The Washington Post, once again ignoring the fact that money is fungible, returns to its advocacy for a middle class tax increase to pay for healthcare reform.
The [excise] tax [on "Cadillac" health plans] is key for two reasons. It would raise revenue needed to pay subsidies to the currently uninsured; Mr. Obama chose the politically easier option of extending the Medicare tax to unearned income of the wealthy, thus making it more difficult down the road to prevent Medicare from going bankrupt. And, by discouraging expensive plans, such a tax would be the single most effective tool to reduce the cost growth that threatens the nation's well-being.The first argument remains flimsy. There's no magical reason why if you tax the unearned income of the wealthy to help finance healthcare reform you can't later impose an excise tax on health plans to cover future financial shortfalls. Further, the Post has been squealing for years that Medicare is underfunded. Why not expand FICA taxes?

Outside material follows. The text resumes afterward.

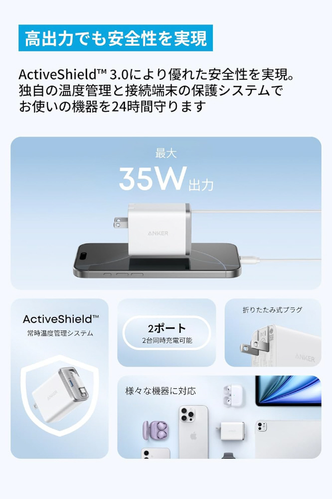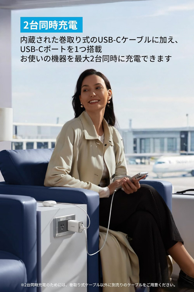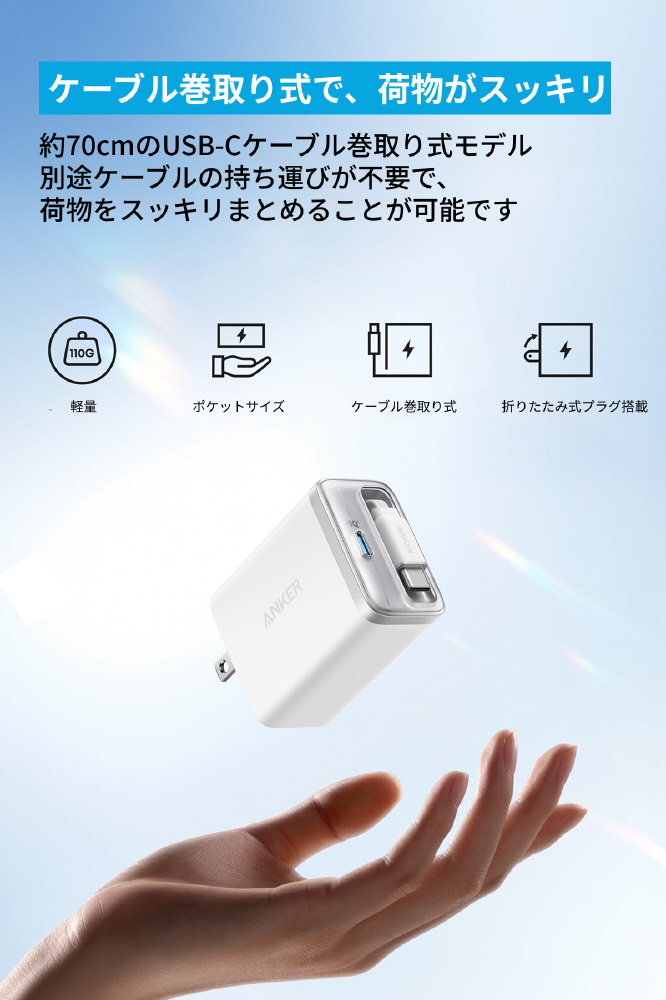 充電器 Anker Nano Charger (35W, 巻取り式 USB-Cケーブル) ホワイト A2658N21 [USB Power Delivery対応 /2ポート] 【sof001】

One reason it's "politically easier" to expand FICA taxes as opposed to raising taxes on the middle class is that President Obama promised not to raise taxes on the middle class. The second reason? The Post hints at the issue: the real goal of advocates of the excise tax is not simply to raise money. The real goal is to "discourag[e] expensive plans" - that is, to take away the coverage workers enjoy right now and replace it with less. Advocates of the excise tax usually aren't as honest as the Post, and let's be blunt - the Post's editorial board is anything but candid on this point. One sentence buried in a cloud of smoke about how money must be raised from source A and not source B, even though it still spends the same way.
The Post points to an editorial claiming that the excise tax represents "a key bipartisan measure to contain health-care costs over time" - again, a single sentence buried in an editorial that does not honestly state the purpose of the tax: to reduce the quality and scope of health insurance plans available to workers. Fred Hiatt and his crew aren't running for political office, so why can't they choke out a bit of honesty? That they want workers to have less insurance as part of a social experiment.
It's absolutely true that the current trend in health care expenditures is unsustainable. But the unsustainable increases are not only in the cost of insurance. They're also in the cost incurred by workers, out-of-pocket. An 11% increase in one year is not sustainable. If Hiatt and his crew truly believe that this is a good thing - that it's good that people will lose the insurance coverage they presently enjoy and end up with policies that leave them unable to afford medical care - they should have the decency to admit that. None of them are so stupid, after all, that they don't know the inevitable outcome of their stated policy preference. To add a rhetorical question, why is it that they don't address why medical inflation and cost per patient is substantially lower in nations that have universal medical coverage, even when out-of-pocket costs for care are minimal?